Fashion specialist Asos has reported a fall in sales but expects to meet full-year profit expectations as it makes “good progress” with its turnaround strategy.
The online apparel group recorded a sales decline of 18% in the 26 weeks to March 3, but said that was ”broadly in-line with guidance” following initiatives to improve profitability and ”right-size” stock levels.
Asos said it is making “good progress” with its ‘Back to Fashion’ strategy, which includes measures to clear old stock and switch to an updated operating model. Asos said it was “ahead on plan” to improve stock efficiency and cut inventory to £600m by year end.

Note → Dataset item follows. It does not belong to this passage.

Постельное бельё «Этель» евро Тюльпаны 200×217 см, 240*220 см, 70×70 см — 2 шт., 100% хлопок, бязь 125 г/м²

Asos said its free cash flow was £240m better year on year, on the back of ”improvements in underlying profitability and the clearance of aged stock”, and despite the sales decline delivered its strongest first-half cash performance since 2017.

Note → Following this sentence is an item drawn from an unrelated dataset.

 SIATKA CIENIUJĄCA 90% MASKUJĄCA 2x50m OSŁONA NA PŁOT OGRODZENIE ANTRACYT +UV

The retailer reported that it ended the half with a “robust cash balance” of more than £330m. Full-year guidance was unchanged and is expected to include: a sales decline of between 5% and 15%, positive adjusted EBITDA, inventory back to pre-COVID levels, and positive cash generation.
Chief executive José Antonio Ramos Calamonte said: “Asos is becoming a faster and more agile business, aided by the incredible work of our teams to speed up all of our processes and deliver the fashion, quality and prices that our customers want, when they want it.
“I’m excited by the performance of our new collections, while we have also made great progress in monetising inventory that built up over the pandemic and in improving the core profitability of our operations. We have reconfirmed our guidance as we lay the foundations for a more profitable, cash generative business.”